#### EXERCISE DESCRIPTION
Retype the listing found below exactly, but leave out each picture.

#### MATERIAL SUPPLIED
"""
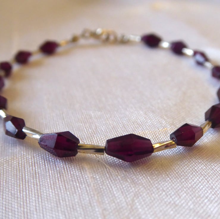 The faceted bicone garnets (approx.6mm x 4mmr) are accented with tiny, textured, sterling silver tube beads and the bracelet is finished with sterling silver fittings including a lobster clasp
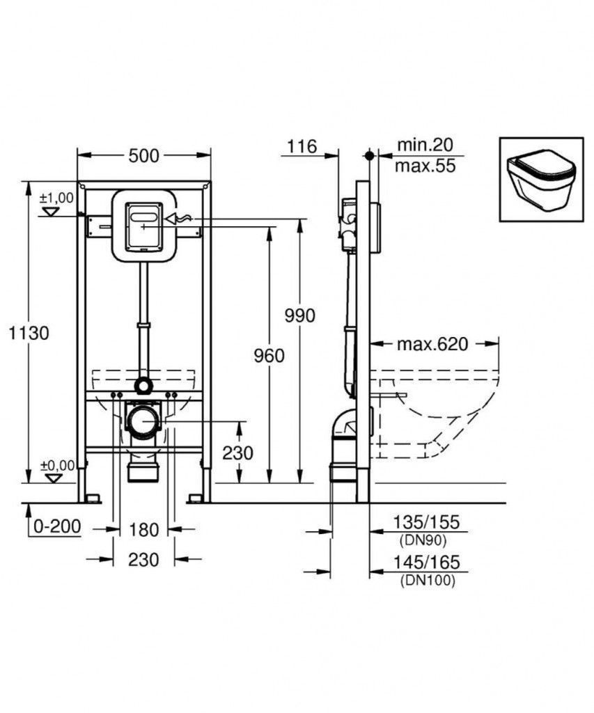 - pre predstenovú montáž alebo montáž do ľahkej priečky
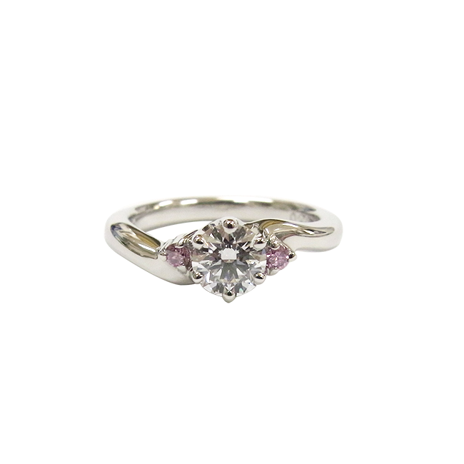 センターのダイヤに負けないぐらいの存在感のある濃いピンクダイヤが特徴的なエンゲージリング
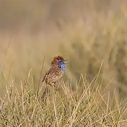 The rufous-crowned emu-wren is one of three species of the genus Stipiturus, commonly known as emu-wrens, found across southern and central Australia. It was first described in 1899 by Archibald James Campbell, more than a century after its relative the southern emu-wren. Its species name is derived from the Latin words rufus "red" and caput "head". No subspecies are recognised, although birds from Western Australia may have redder plumage, and females more blue on the face and lores. It has been considered a subspecies of both the southern and mallee emu-wrens in the past.[2] The common name of the genus is derived from the resemblance of their tails to the feathers of an emu.[3]
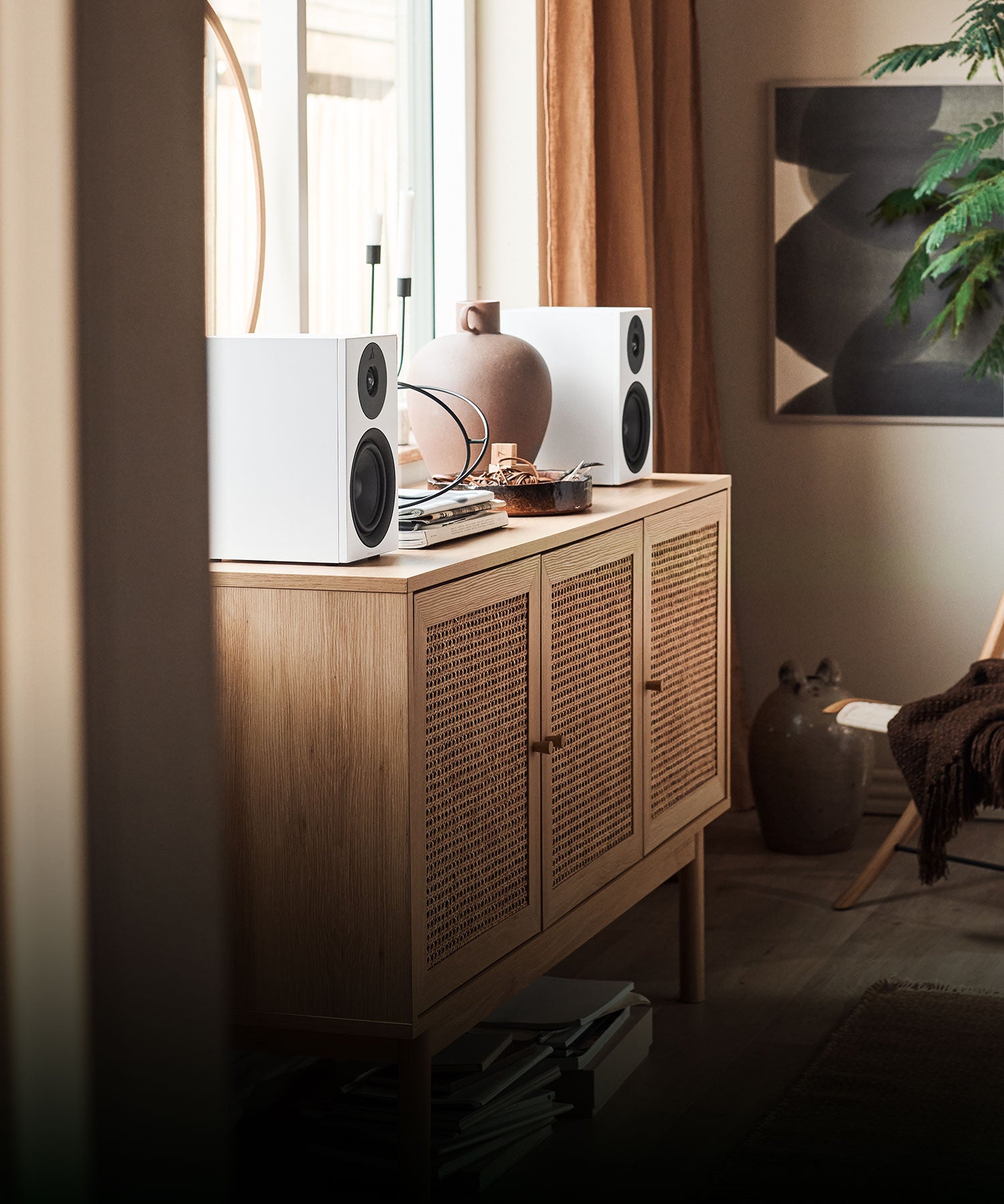 Altavoces compactos pero potentes. Ideales para configuraciones de pc, audio de TV discreto o espacios pequeños y acogedores.
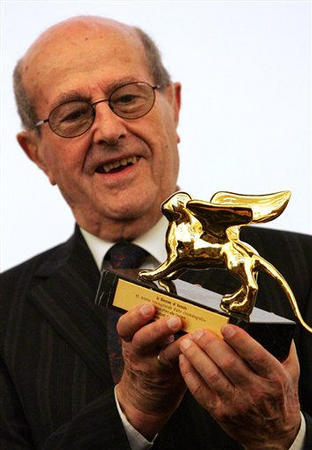 終身成就獎(jiǎng)得主德·奧利維拉展示“金獅”
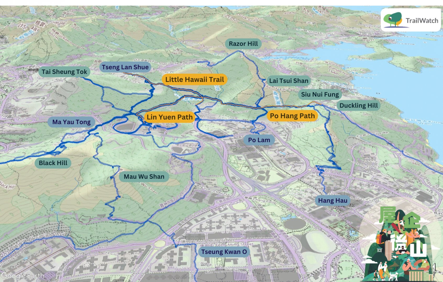 If you want to go hiking, besides venturing out to trails in Sai Kung or Lantau Island, you can also explore your own Backyard Trails! Backyard Trails refer to trails that are within a 15-minute walking distance from dense residential areas. These trails are not located within country parks or urban parks, but are typically in the green belt. Usually, they are frequented by nearby residents and morning exercisers. TrailWatch’s recommended routes section has recorded 34 Backyard Trails, including the Little Hawaii Trail and Po Hang Path to Lin Yuen Path (marked in orange on the map below).
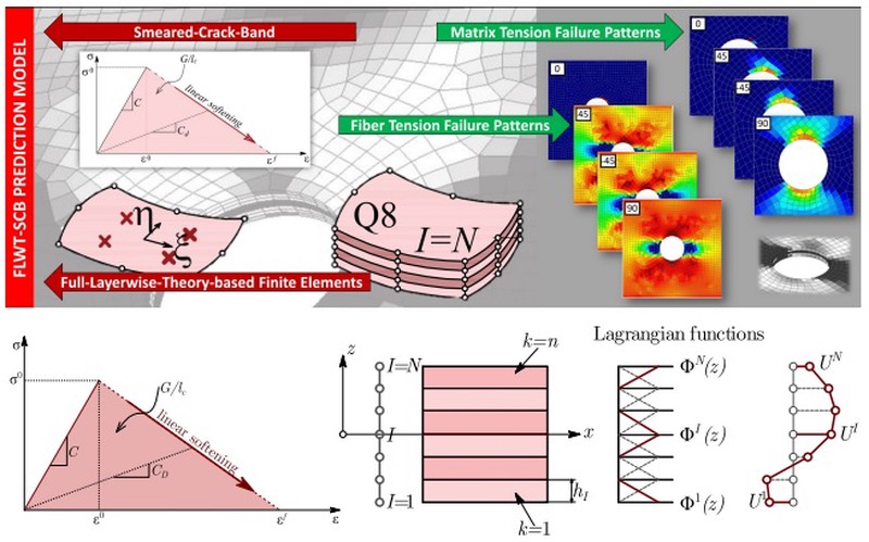 Laminar composites are extensively used in civil engendering due to their exceptional strength, stiffness, corrosion resistance, and cost-effectiveness. They are ideal for high-reliability applications. The 21st century’s focus on environmental protection has led to increased use of natural-based materials like cross-laminated timber (CLT) in building construction. CLT panels have a high stiffness-to-weight ratio, making them well-suited as load-bearing elements, such as walls and floors. The optimal design of laminar composites is often hindered by uncertainties in failure prediction and the computational costs associated with progressive failure analysis (PFA), particularly for larger structures. This study introduces a novel prediction model that combines the smeared crack band (SCB) damage model with the full layerwise theory (FLWT). The aim is to enhance the computational efficiency of PFA in laminar composites while maintaining the accuracy of 3D finite element models. The SCB model accurately captures the response of damaged lamina in both fiber and matrix directions using distinct strain-softening curves, ensuring a precise representation of post-failure behaviour. The damage law is derived based on the assumption that the total energy required to cause failure in an element (released strain energy) is equivalent to the energy necessary to create a crack passing through it. To alleviate mesh dependency, the fracture energy is scaled by a characteristic element length. Failure initiation and modes are determined using the Hashin failure criterion. Furthermore, the model is extended to consider different failure behaviour of timber in tension and compression. This extension enhances the computational framework’s applicability to the field of computational mechanics for bio-based composites, such as CLT. The validity of the model is then confirmed through an extensive experimental program carried out at the Faculty of Civil Engineering, University of Belgrade. Application of layered finite elements for continuum damage modelling in laminar composites remains largely unexplored in literature, particularly when combined with the SCB damage model. The FLWT-based model accurately captures the 3D stress state within each lamina, including continuous transverse stresses between adjacent layers, crucial for accurate prediction of failure initiation. Furthermore, the FLWT demonstrates a weak correlation between the size of the considered domain and the mesh, presenting a notable difference from standard finite element models. The developed FLWT-SCB prediction model is integrated into an original FLWTFEM framework, offering a user-friendly graphical environment for easy visualization of input and output data. The proposed model’s efficiency has been verified using numerous benchmark examples during progressive failure analyses of laminar composites and CLT panels with arbitrary geometries, loading and boudary conditions and stacking sequences. The model has demonstrated its accuracy in predicting the response of both intact and damaged laminar composites, and valuable recommendations for future research in this field are included.
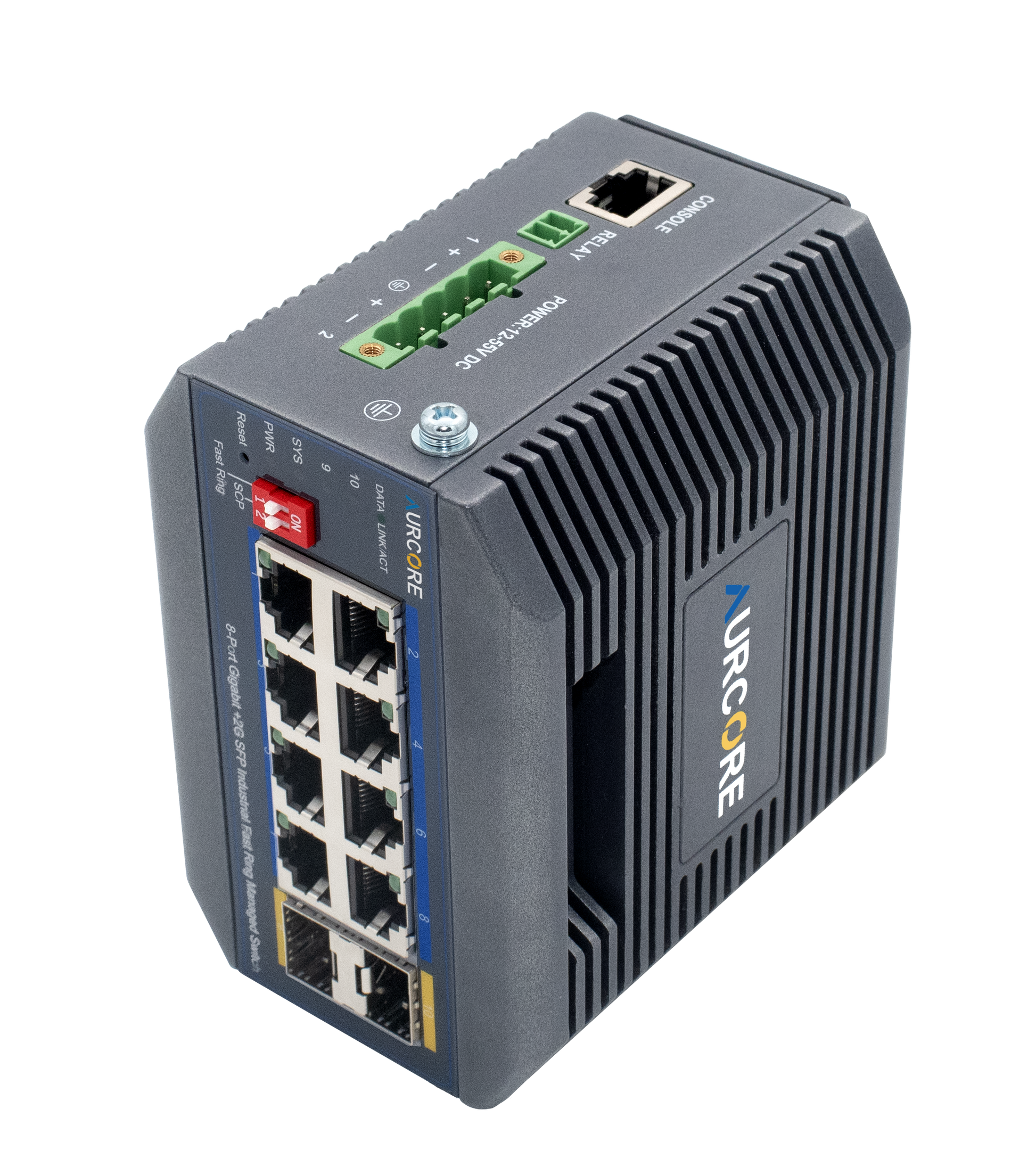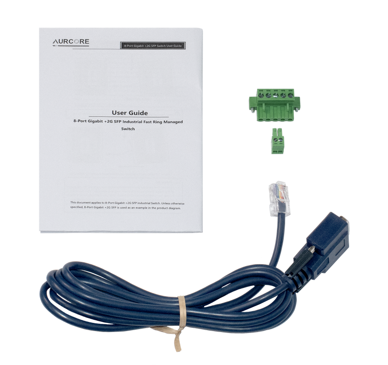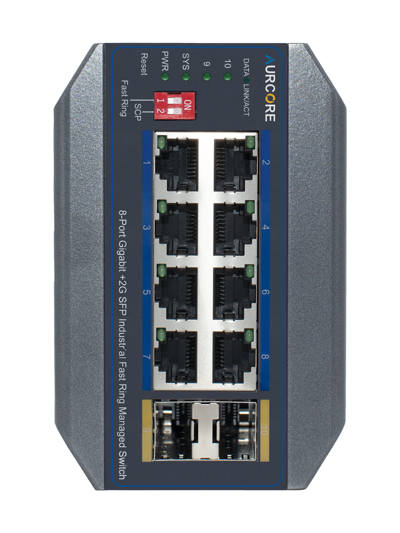 Note: A Power Supply Unit (PSU) is required for operation and is sold separately. For guaranteed compatibility and optimal performance, AurCore Technology recommends Mean Well power supplies, which have been fully tested and verified with our industrial switches.
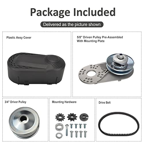 Descripción: ¡Totalmente nuevo, nunca usado! PIEZAS DE REPUESTO DE CALIDAD SUPERIOR OEM. Se adapta al Kit de Convertidor de Par de 3/4″ Predator (Harbor Freight) para Go Karts Se incluye 1 piñón 1 x Piñón de 12 dientes para cadena 35 1 x Piñón de 10 dientes para cadena 40/41 Este kit viene con un embrague conducido de 6″. Se adapta a todos los motores con un cigüeñal recto de 3/4″ de pulgada. Reemplaza a Comet También se adapta a los Go Karts de Manco Este kit funcionará en motores de hasta 11 caballos de fuerza. No aceptamos responsabilidad por cualquier kit dañado instalado en motores de mayor potencia. Se recomienda una instalación profesional. No se incluyen instrucciones. El paquete incluye: 1X Correa de transmisión 1X Cubierta de plástico 1X Polea motriz de 3/4″ 1X Polea conducida de 5/8″ 1X Placa de soporte de aluminio 1X Piñón de 12 dientes 35 1X Piñón de 10 dientes 420/40/41 (ya instalado) 1X Kit completo de herrajes de montaje Como se muestra en la imagen. Compatibilidad: Se adapta a todos los motores con un cigüeñal recto de 3/4 de pulgada
"""
#### YOUR SOLUTION
 The faceted bicone garnets (approx.6mm x 4mmr) are accented with tiny, textured, sterling silver tube beads and the bracelet is finished with sterling silver fittings including a lobster clasp
 - pre predstenovú montáž alebo montáž do ľahkej priečky
 センターのダイヤに負けないぐらいの存在感のある濃いピンクダイヤが特徴的なエンゲージリング
 The rufous-crowned emu-wren is one of three species of the genus Stipiturus, commonly known as emu-wrens, found across southern and central Australia. It was first described in 1899 by Archibald James Campbell, more than a century after its relative the southern emu-wren. Its species name is derived from the Latin words rufus "red" and caput "head". No subspecies are recognised, although birds from Western Australia may have redder plumage, and females more blue on the face and lores. It has been considered a subspecies of both the southern and mallee emu-wrens in the past.[2] The common name of the genus is derived from the resemblance of their tails to the feathers of an emu.[3]
 Altavoces compactos pero potentes. Ideales para configuraciones de pc, audio de TV discreto o espacios pequeños y acogedores.
 終身成就獎(jiǎng)得主德·奧利維拉展示“金獅”
 If you want to go hiking, besides venturing out to trails in Sai Kung or Lantau Island, you can also explore your own Backyard Trails! Backyard Trails refer to trails that are within a 15-minute walking distance from dense residential areas. These trails are not located within country parks or urban parks, but are typically in the green belt. Usually, they are frequented by nearby residents and morning exercisers. TrailWatch’s recommended routes section has recorded 34 Backyard Trails, including the Little Hawaii Trail and Po Hang Path to Lin Yuen Path (marked in orange on the map below).
 Laminar composites are extensively used in civil engendering due to their exceptional strength, stiffness, corrosion resistance, and cost-effectiveness. They are ideal for high-reliability applications. The 21st century’s focus on environmental protection has led to increased use of natural-based materials like cross-laminated timber (CLT) in building construction. CLT panels have a high stiffness-to-weight ratio, making them well-suited as load-bearing elements, such as walls and floors. The optimal design of laminar composites is often hindered by uncertainties in failure prediction and the computational costs associated with progressive failure analysis (PFA), particularly for larger structures. This study introduces a novel prediction model that combines the smeared crack band (SCB) damage model with the full layerwise theory (FLWT). The aim is to enhance the computational efficiency of PFA in laminar composites while maintaining the accuracy of 3D finite element models. The SCB model accurately captures the response of damaged lamina in both fiber and matrix directions using distinct strain-softening curves, ensuring a precise representation of post-failure behaviour. The damage law is derived based on the assumption that the total energy required to cause failure in an element (released strain energy) is equivalent to the energy necessary to create a crack passing through it. To alleviate mesh dependency, the fracture energy is scaled by a characteristic element length. Failure initiation and modes are determined using the Hashin failure criterion. Furthermore, the model is extended to consider different failure behaviour of timber in tension and compression. This extension enhances the computational framework’s applicability to the field of computational mechanics for bio-based composites, such as CLT. The validity of the model is then confirmed through an extensive experimental program carried out at the Faculty of Civil Engineering, University of Belgrade. Application of layered finite elements for continuum damage modelling in laminar composites remains largely unexplored in literature, particularly when combined with the SCB damage model. The FLWT-based model accurately captures the 3D stress state within each lamina, including continuous transverse stresses between adjacent layers, crucial for accurate prediction of failure initiation. Furthermore, the FLWT demonstrates a weak correlation between the size of the considered domain and the mesh, presenting a notable difference from standard finite element models. The developed FLWT-SCB prediction model is integrated into an original FLWTFEM framework, offering a user-friendly graphical environment for easy visualization of input and output data. The proposed model’s efficiency has been verified using numerous benchmark examples during progressive failure analyses of laminar composites and CLT panels with arbitrary geometries, loading and boudary conditions and stacking sequences. The model has demonstrated its accuracy in predicting the response of both intact and damaged laminar composites, and valuable recommendations for future research in this field are included.
 Note: A Power Supply Unit (PSU) is required for operation and is sold separately. For guaranteed compatibility and optimal performance, AurCore Technology recommends Mean Well power supplies, which have been fully tested and verified with our industrial switches.
 Descripción: ¡Totalmente nuevo, nunca usado! PIEZAS DE REPUESTO DE CALIDAD SUPERIOR OEM. Se adapta al Kit de Convertidor de Par de 3/4″ Predator (Harbor Freight) para Go Karts Se incluye 1 piñón 1 x Piñón de 12 dientes para cadena 35 1 x Piñón de 10 dientes para cadena 40/41 Este kit viene con un embrague conducido de 6″. Se adapta a todos los motores con un cigüeñal recto de 3/4″ de pulgada. Reemplaza a Comet También se adapta a los Go Karts de Manco Este kit funcionará en motores de hasta 11 caballos de fuerza. No aceptamos responsabilidad por cualquier kit dañado instalado en motores de mayor potencia. Se recomienda una instalación profesional. No se incluyen instrucciones. El paquete incluye: 1X Correa de transmisión 1X Cubierta de plástico 1X Polea motriz de 3/4″ 1X Polea conducida de 5/8″ 1X Placa de soporte de aluminio 1X Piñón de 12 dientes 35 1X Piñón de 10 dientes 420/40/41 (ya instalado) 1X Kit completo de herrajes de montaje Como se muestra en la imagen. Compatibilidad: Se adapta a todos los motores con un cigüeñal recto de 3/4 de pulgada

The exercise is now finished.